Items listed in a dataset
== Segment start ==
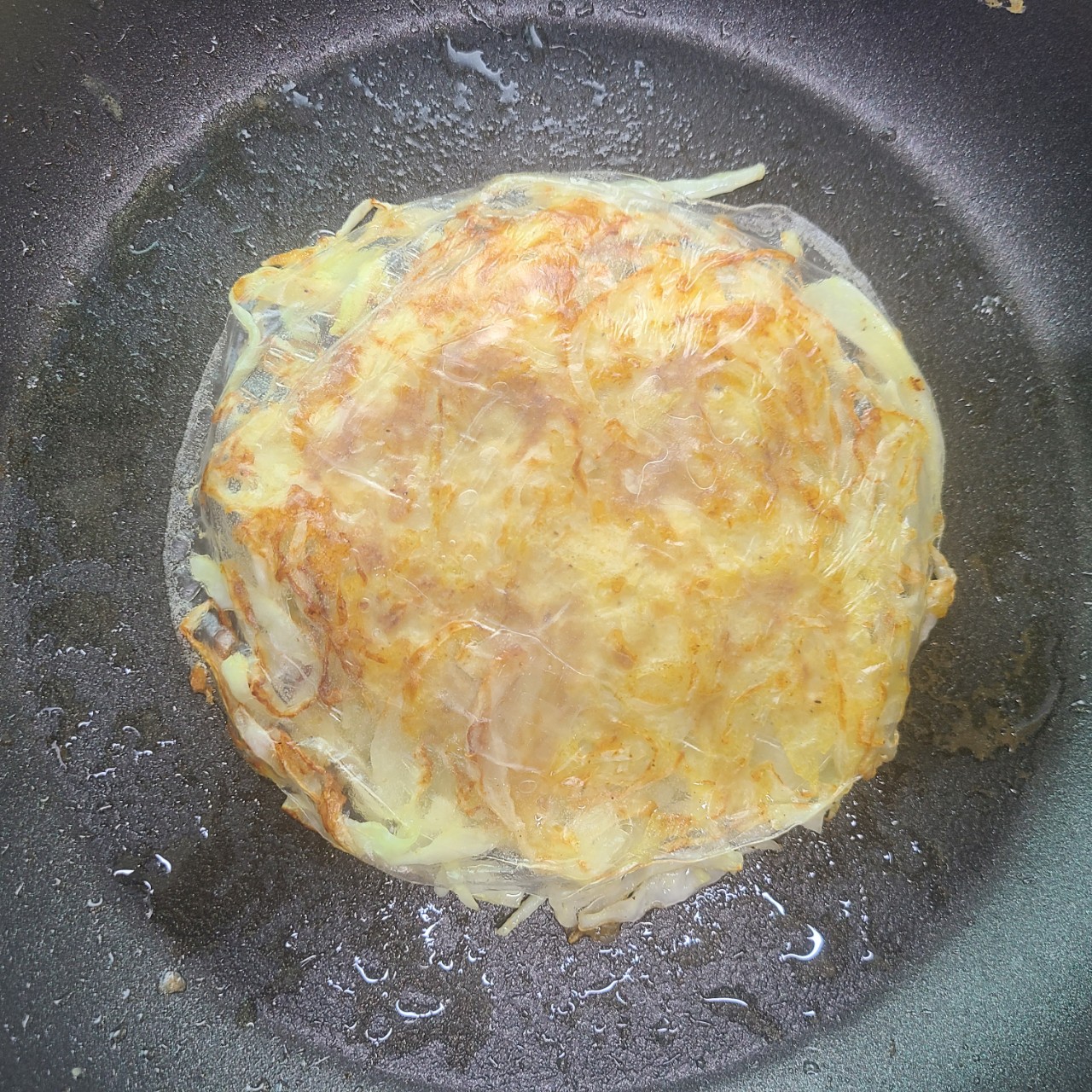 2) 후라이팬에 라이스페이퍼를 두세 장 정도 깔고 반죽한 양배추를 올리고 약불에서 뚜껑 덮어 익힙니다.
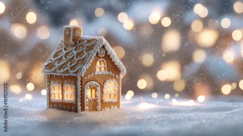 cozy gingerbread house glowing in snowy winter wonderland scene with sparkling festive soft bokeh lights
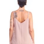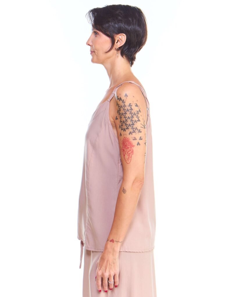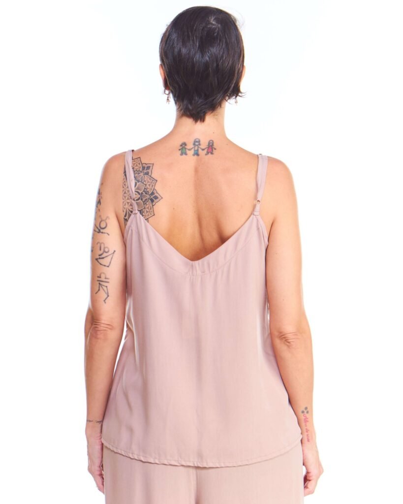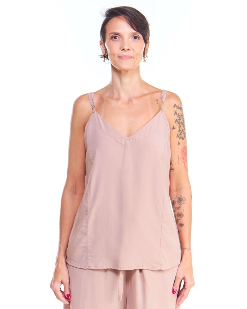 A blusa de alça off white de viscose comprimento até o quadril, alças reguláveis, gola v, recorte princesa na frente e é feita em tecido 100% viscose.
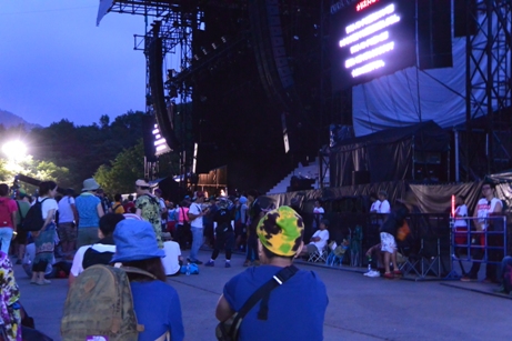 今日は、仕方なくグリーンの後方に陣地を張って、ステージ前へ移動。酒を飲みながらカンカン照りの日差し。
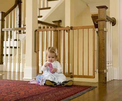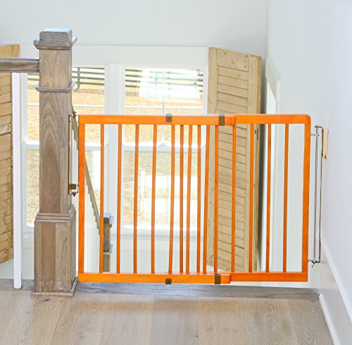 -. Feature : Great for stairways or any indoor area / Attractive solid wood construction / One handed latch operation / Simple to install / Adjustable width and mounts at angles up to 30 degrees
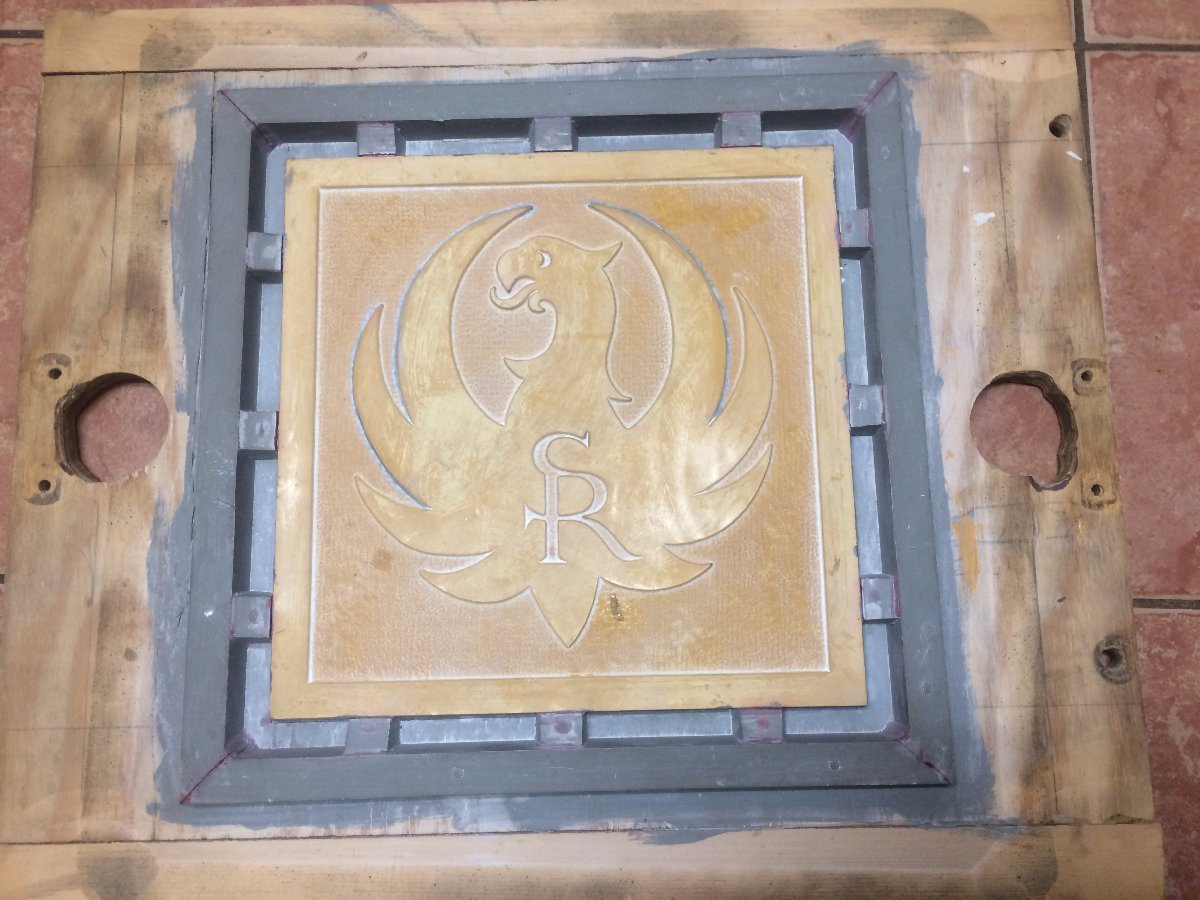 This is where I need someone more familiar with their operations to help me fill in the details. From what I understand they take these wax molds and coat them in something which allows them to bake it. The outcome of that would be another mold that molten metal would be poured into. Once this hardens you would have a large correct metal Ruger emblem. I'm interested in anything that anyone can tell me about it. What a former employee of theirs told me was that he thought it was a metal mold itself but there is no way this wooden thing could take molten metal. I find evidence of chalk and wax only. Anyway, enjoy.
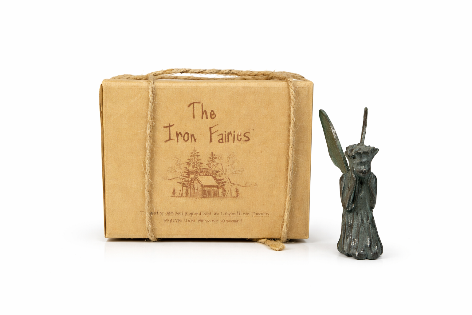 The Iron Fairies” nevű, dekoratív, öntött fém (vas) tündérszobor látható, eredeti díszdobozában. A csomagolás alapján a termék a Wildblue Holdings Pty Ltd (Ausztrália) 2005-ös kiadású design kollekciójához tartozik. A mellékelt német nyelvű vers és a misztikus hangulatú grafika arra utal, hogy ez egy gyűjtői darab, amely egy fantáziavilág koncepciójára épül.
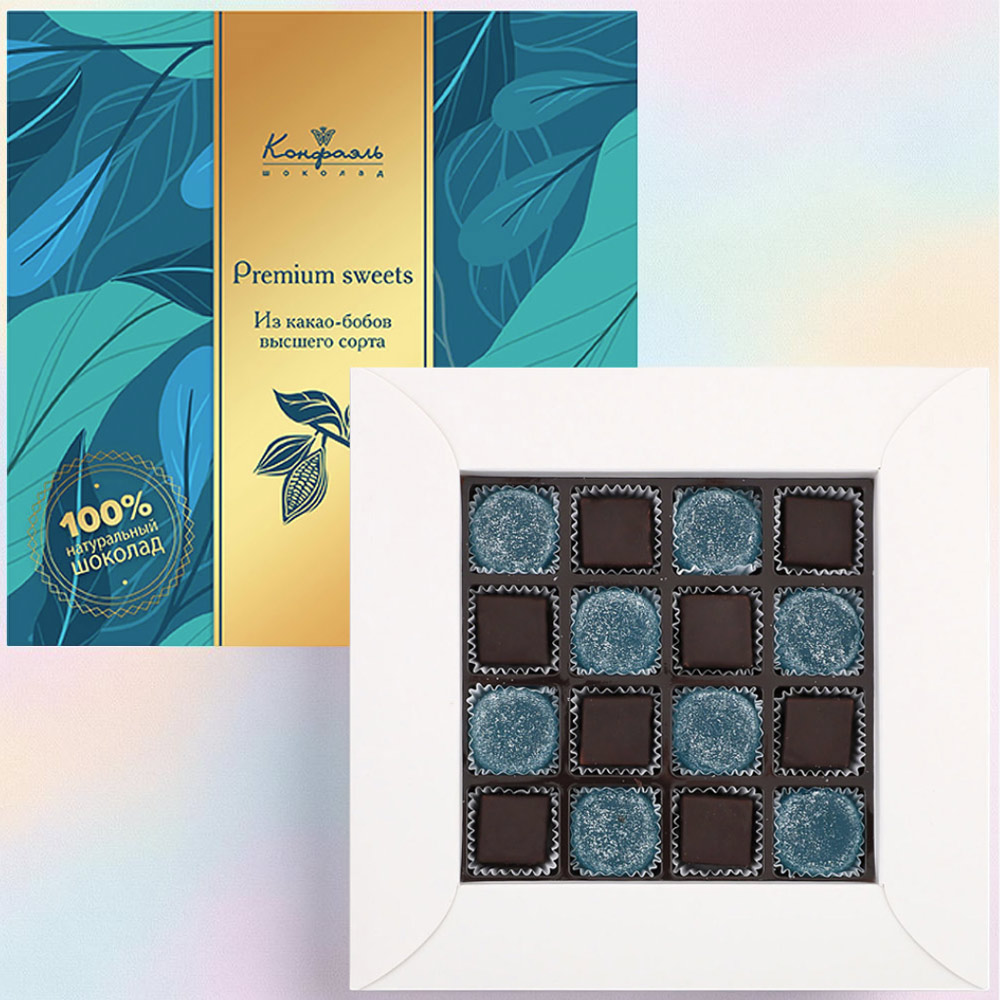 Состав: шоколадная масса – сахар, какао тертое, масло какао, какао-порошок, эмульгаторы (соевый лецитин, Е476); начинки – сахар, патока, молоко сгущенное (молоко цельное, сахар (сахароза, лактоза)), масло сладко-сливочное, белок яичный, натуральный концентрированный яблочный сок, желирующий агент (агар), желатин говяжий, регулятор кислотности (кислота лимонная), консервант (сорбиновая кислота), эмульгатор (Е471), экстракт ванили, ароматизаторы, пищевой краситель
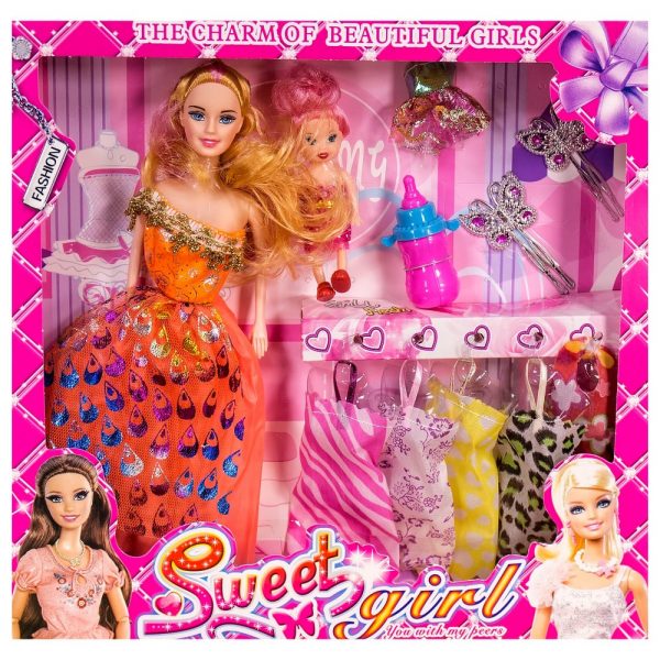 Основни характеристики: Детска кукла майка с детенце и допълнителни рокли – Код W2855
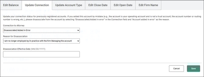 If you need to report that you are no longer associated to an account, either because the account was transferred to another attorney or you are no longer affiliated with the firm that reported the account on your behalf, you can report the disassociation by updating the "Connection to Attorney" status to disassociated.
== Segment end ==
Work instruction
Instructions for the copy: start at the first entry, stop after the line containing "今日は、仕方なくグリーンの後", keep every line exact, and drop the pictures.

Written reply
 2) 후라이팬에 라이스페이퍼를 두세 장 정도 깔고 반죽한 양배추를 올리고 약불에서 뚜껑 덮어 익힙니다.
 cozy gingerbread house glowing in snowy winter wonderland scene with sparkling festive soft bokeh lights
 A blusa de alça off white de viscose comprimento até o quadril, alças reguláveis, gola v, recorte princesa na frente e é feita em tecido 100% viscose.
 今日は、仕方なくグリーンの後方に陣地を張って、ステージ前へ移動。酒を飲みながらカンカン照りの日差し。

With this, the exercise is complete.